*PROBLEM*: Give again, word for word, the lines below that run from the line with "图2(上排)展示了由求和操作" through the line with "La joven periodista". Drop the pictures.

*MATERIAL SUPPLIED*:
# # #

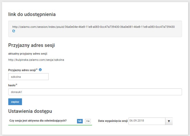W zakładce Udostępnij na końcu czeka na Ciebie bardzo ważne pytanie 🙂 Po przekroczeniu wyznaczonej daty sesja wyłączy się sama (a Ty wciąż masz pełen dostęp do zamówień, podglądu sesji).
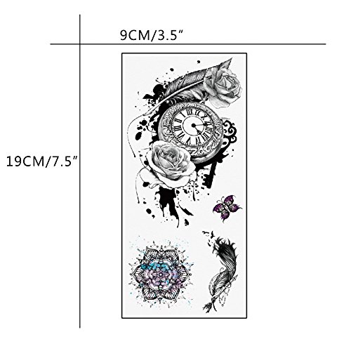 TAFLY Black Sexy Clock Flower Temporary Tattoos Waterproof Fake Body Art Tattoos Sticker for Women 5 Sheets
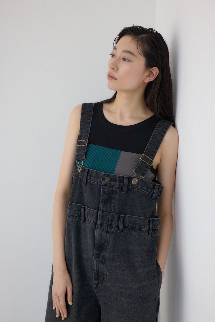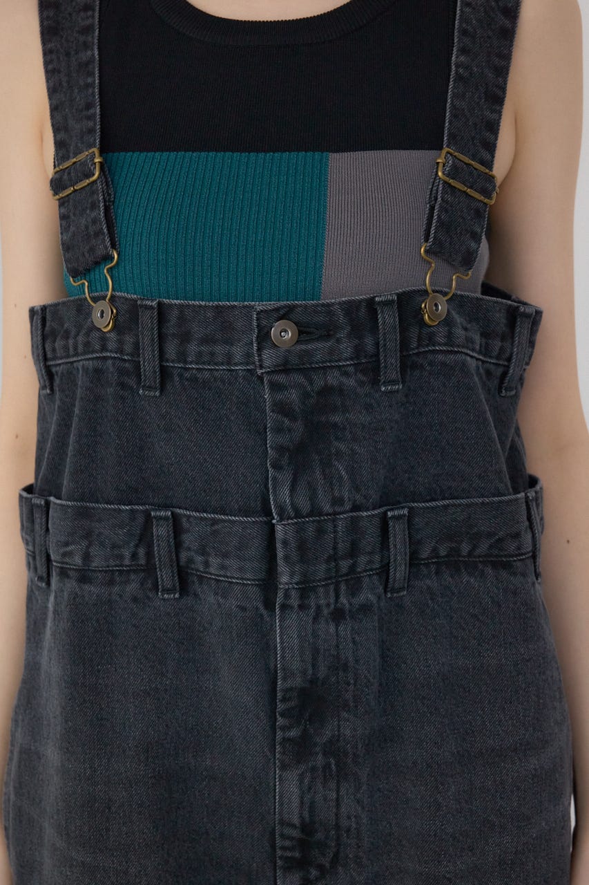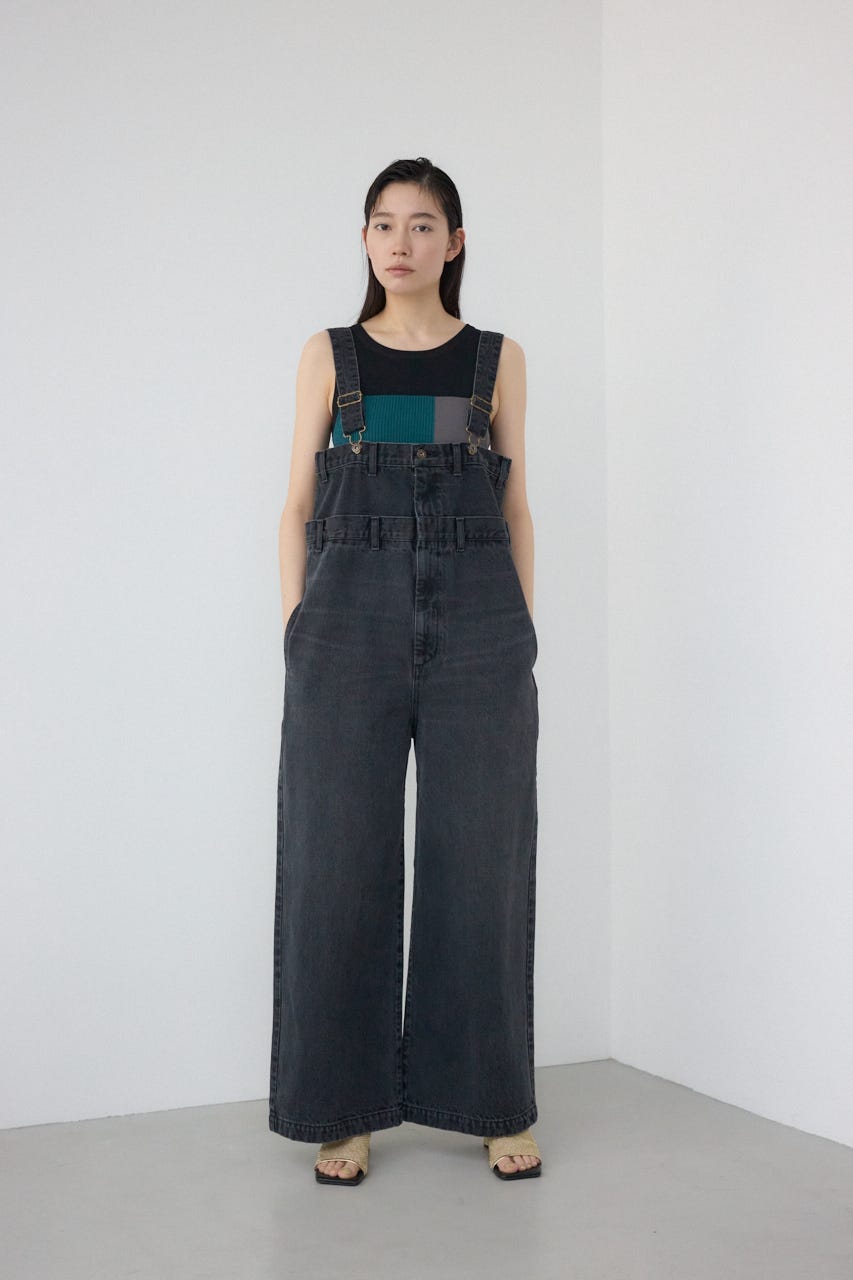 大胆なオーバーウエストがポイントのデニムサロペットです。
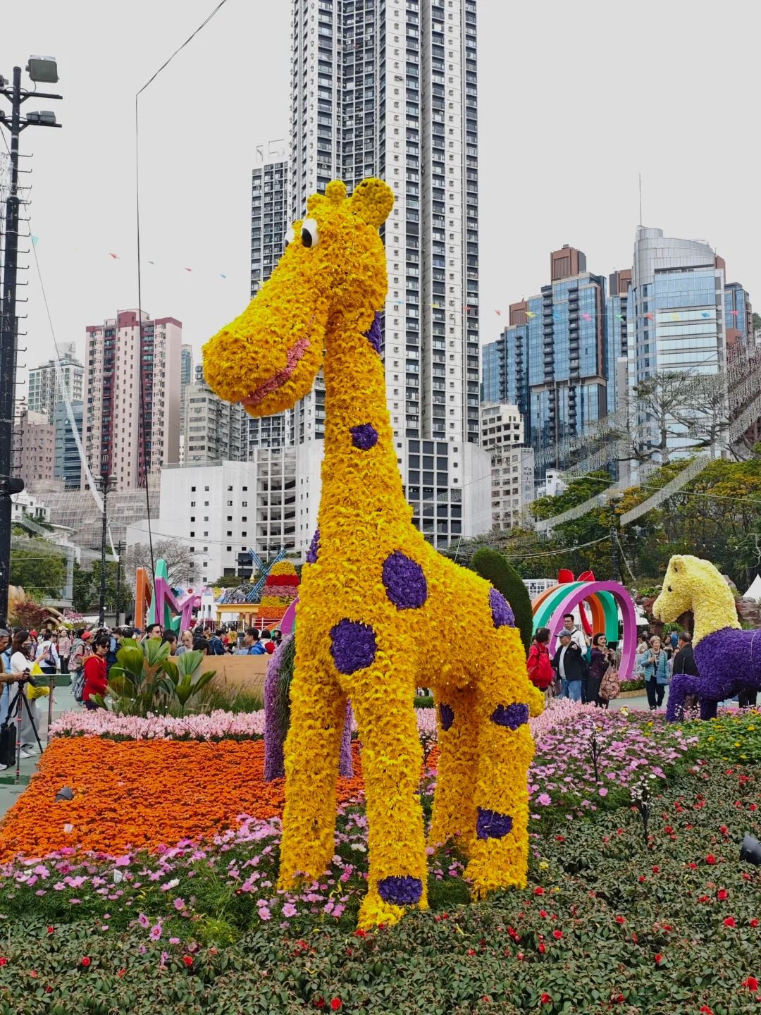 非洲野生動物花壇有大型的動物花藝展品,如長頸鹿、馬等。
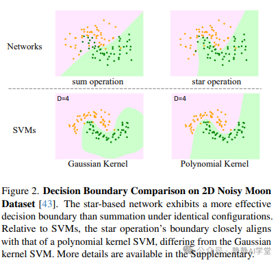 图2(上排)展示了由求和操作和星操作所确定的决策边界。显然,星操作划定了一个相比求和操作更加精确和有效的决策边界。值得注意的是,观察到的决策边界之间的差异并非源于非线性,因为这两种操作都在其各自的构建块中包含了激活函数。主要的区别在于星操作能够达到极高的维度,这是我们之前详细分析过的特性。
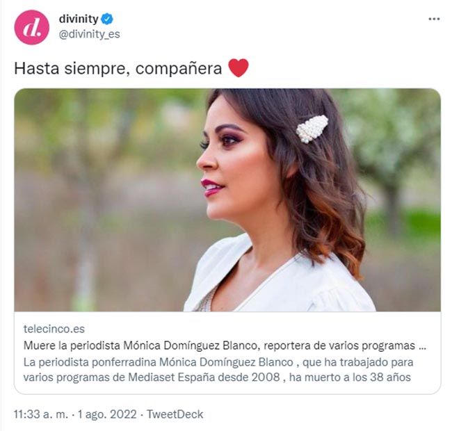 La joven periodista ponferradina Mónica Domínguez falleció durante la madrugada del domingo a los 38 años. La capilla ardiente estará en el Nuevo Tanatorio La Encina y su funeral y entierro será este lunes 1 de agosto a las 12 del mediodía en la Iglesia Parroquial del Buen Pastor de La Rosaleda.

# # #

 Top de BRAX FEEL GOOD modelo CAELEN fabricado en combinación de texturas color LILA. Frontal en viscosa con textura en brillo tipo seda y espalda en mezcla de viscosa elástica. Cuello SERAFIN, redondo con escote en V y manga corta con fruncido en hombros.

# # #

*SOLVED PROBLEM*:
 图2(上排)展示了由求和操作和星操作所确定的决策边界。显然,星操作划定了一个相比求和操作更加精确和有效的决策边界。值得注意的是,观察到的决策边界之间的差异并非源于非线性,因为这两种操作都在其各自的构建块中包含了激活函数。主要的区别在于星操作能够达到极高的维度,这是我们之前详细分析过的特性。
 La joven periodista ponferradina Mónica Domínguez falleció durante la madrugada del domingo a los 38 años. La capilla ardiente estará en el Nuevo Tanatorio La Encina y su funeral y entierro será este lunes 1 de agosto a las 12 del mediodía en la Iglesia Parroquial del Buen Pastor de La Rosaleda.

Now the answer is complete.